Another list of MD5 hashes derived from another software called Fengcai, which the Xinjiang police frequently placed on visitors’ phones during border crossings, was made public by the New York Times’ reverse engineering work in July 2019. There were 73,314 different MD5 hashes in this list. The bulk of the hashes that Human Rights Watch looked at are also included in this list, indicating that over 21,000 multimedia files had been added to the list of “violent and terrorist” materials by the Xinjiang police in only one year, between 2018 and 2019. There were just 29 files from the Human Rights Watch list that were excluded from the New York Times analysis.
It is possible that the Xinjiang authorities use this same list as a master list to determine whether a resident has what they consider to be “violent and terrorist files” on their device given that this same list of 50,000 files is present in two different policing apps tailored specifically for Xinjiang and in this leaked database.
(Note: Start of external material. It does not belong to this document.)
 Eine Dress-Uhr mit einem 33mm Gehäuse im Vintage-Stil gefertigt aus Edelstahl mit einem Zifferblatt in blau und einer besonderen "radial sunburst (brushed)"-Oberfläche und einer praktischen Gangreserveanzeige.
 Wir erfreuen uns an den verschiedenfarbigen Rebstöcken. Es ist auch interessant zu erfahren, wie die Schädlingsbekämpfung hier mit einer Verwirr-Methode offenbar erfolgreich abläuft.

Human Rights Watch concluded that the related list in the leaked database, which has the same MD5 hashes as the master list, contains the search results from the Jingwang Weishi app because its format exactly matches the output format described in that app’s reverse engineering. The search results include each phone’s unique identifiers (IMEI, IMSI, and MAC addresses) and, if the “violent and terrorist” file was located, its name, size, and file type.
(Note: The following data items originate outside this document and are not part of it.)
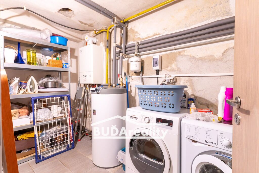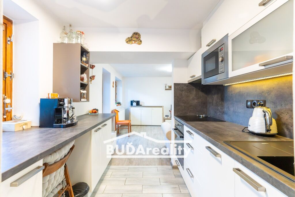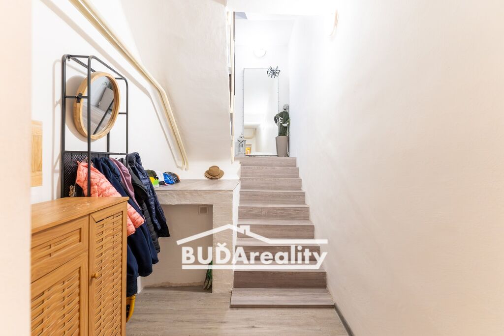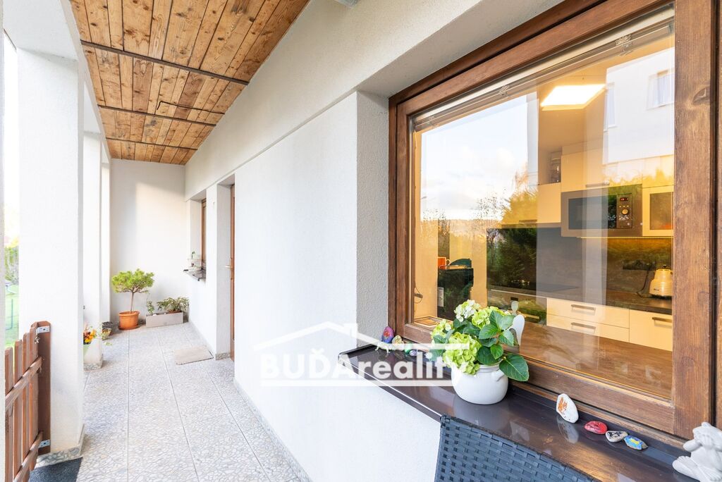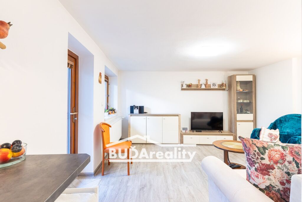 Menší byt má ideální parametry pro 1-2 bydlící osoby. Tato bytová jednotka se samostatným vstupem z chodby má výměru cca 40 m2. Disponuje prostornou lodžií s výhledem do zahrady. Má prostorný obývací pokoj, kuchyň s jídelnou, pokoj, sloužící jako společenská místnost, koupelna s wc a technická místnost. Technická místnost slouží pro celý dům. Zde je k dispozici plynový kotel a zásobník vody pro ohřev vody. Kuchyň disponuje moderní kuchyňskou linkou včetně spotřebičů. Tato část domu prošla kompletní rekonstrukcí včetně rozvodů v r. 2018.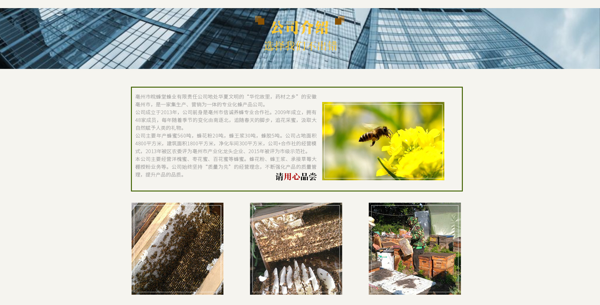 亳州市皖蜂堂蜂业有限责任公司位于三朝古都,华佗故里,中国历史文化名城,安徽省亳州市。亳州市皖蜂堂蜂业有限责任公司是蜂蜜,蜂蜜制品,为主的生产加工批发零售企业。产品畅销消费者市场,在消费者当中享有较高的地位,公司与多家零售商和代理商建立了长期稳定的合作关系。拥有完整、科学的质量管理体系。亳州市皖蜂堂蜂业有限责任公司的诚信、实力和产品质量获得业界的认可。欢迎各界朋友莅临参观、指导和业务洽谈。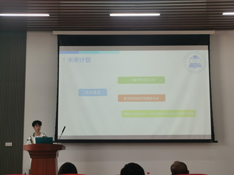 接开场之后,大会进入第一项议程——指导老师王睿卿老师和宋晓萌老师致辞。首先,王睿卿老师以”需要做什么“和”能够获得什么“为切入点全面介绍了学服,并提出对学服新一年的工作期望,鼓励大家勇于创新,打造更好的学服。随后,宋晓萌老师建议大家合理使用学服的资源,并与大家共同努力,共同进步,进一步为学院的学服建设做贡献。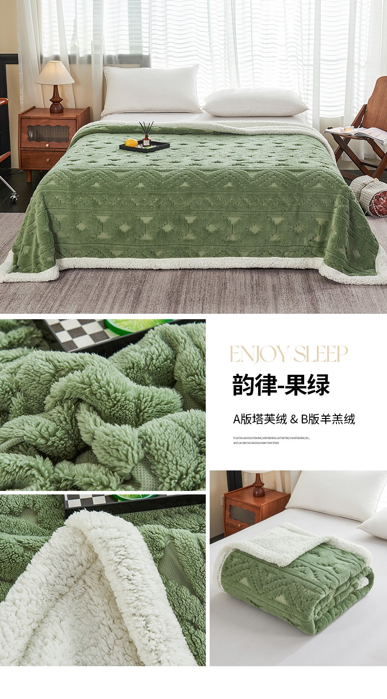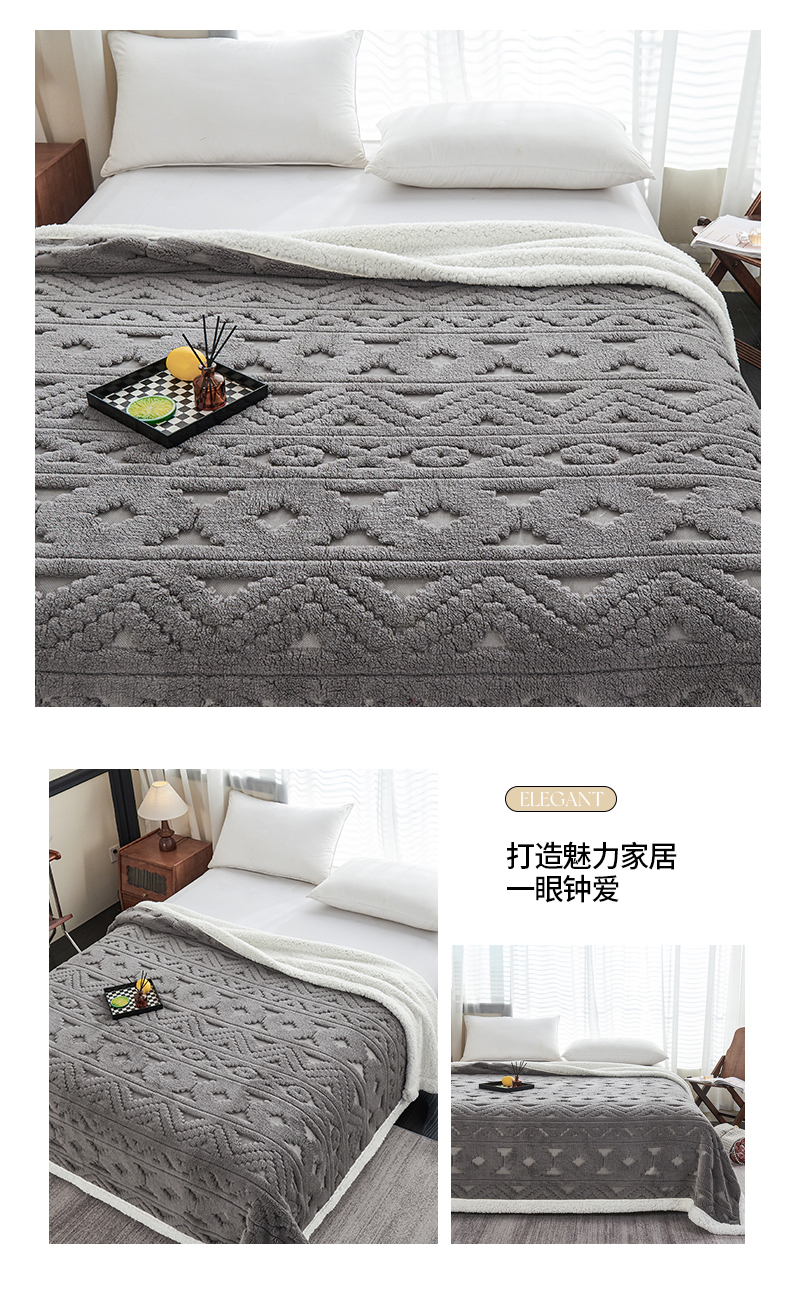 商品名称:缦纱 2025新款提花舒棉绒镂空塔芙绒羊羔绒双层毛毯跨境电商 韵律-深灰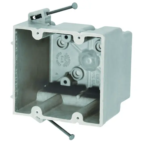 Thermoset fiberglass with angled mid-nails, speed clamps. Lightweight, non-corrosive, non-conductive, no ground required. Will not melt or distort in high heat. Shatter-resistant in cold temperatures. 2 hrs wall fire rating. 3 in x 4 in x 3-3/4 in. UL listed.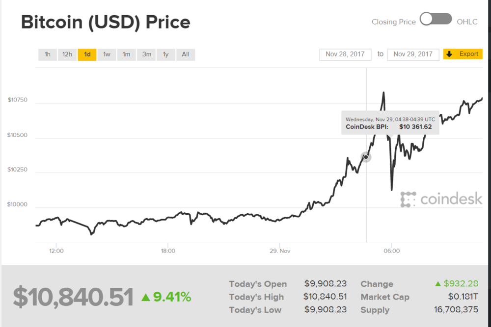 Это рост на две тысячи в день: во вторник, 28 ноября, он превысил на той же бирже $11 000.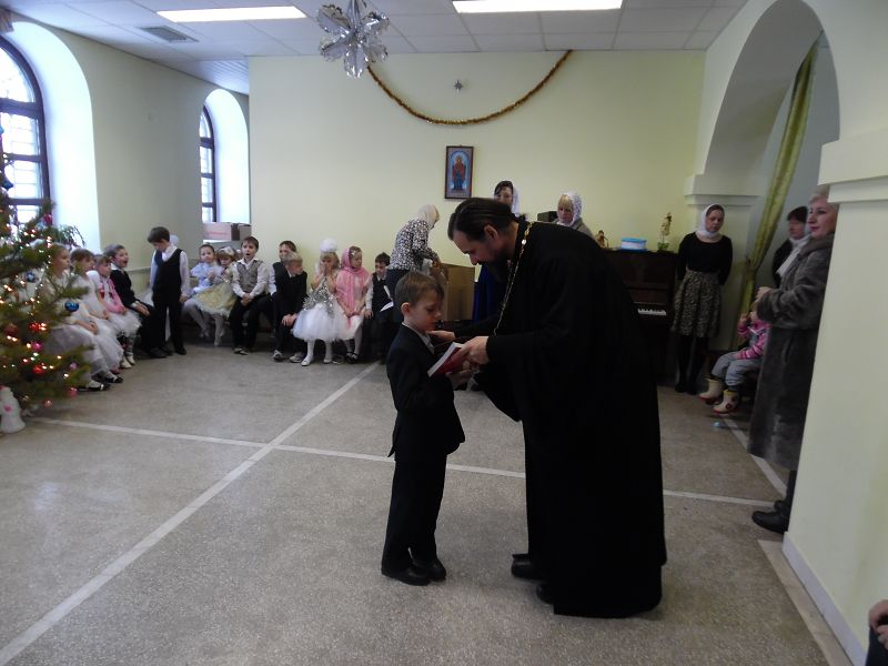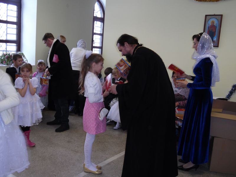 В конце праздника настоятель прихода храма свв. апп. Петра и Павла г. Новотроицка протоиерей Сергий Кваша поздравил всех с праздником, вручил детям Святое Евангелие и Рождественские подарки. Также для ребят было организовано чаепитие и катание на лошадке.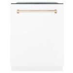 Home Dishwashers ZLINE Autograph Edition 24-Inch 3rd Rack Top Touch Control Dishwasher in White Matte with Gold Handle, 45 dBa (DWMTZ-WM-24-G)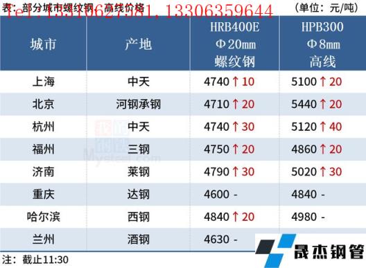 ◎上海:27日早盤建材市場(chǎng)價(jià)格小幅上漲10-20。現(xiàn)螺紋4670-4710,西城抗震4710,其他4540-4590,興鑫抗震4600,聯(lián)鑫黃海抗震4610,盤螺4910-5110,高線亞新4850。(單位:元/噸)

Punishing ‘Extremist’ Material Possession

According to evidence from leaked government lists of such individuals and prior Human Rights Watch interviews with family members and former prisoners, many of the persons arbitrarily arrested and imprisoned in Xinjiang were picked up for having “violent” or “terrorist” multimedia content.

Human Rights Watch obtained a leaked list of more than 2,000 detainees from a political education camp in Aksu Prefecture in 2018, and it revealed that about 10% (over 200) of them were being held for “terrorism” or “extremism” because they had downloaded or shared such “violent and terrorist” multimedia content, or because they were related to someone who had done so.

A 60-year-old father who had transmitted an audio of an Islamic religious instruction to his daughter, who then sent it to a friend, was one of the inmates kept in a police detention center cell during the crackdowns, according to a Uyghur interviewed by Human Rights Watch in 2018. The father and daughter, who claimed that inmates at these institutions were tortured, were given jail terms of six and three years, respectively.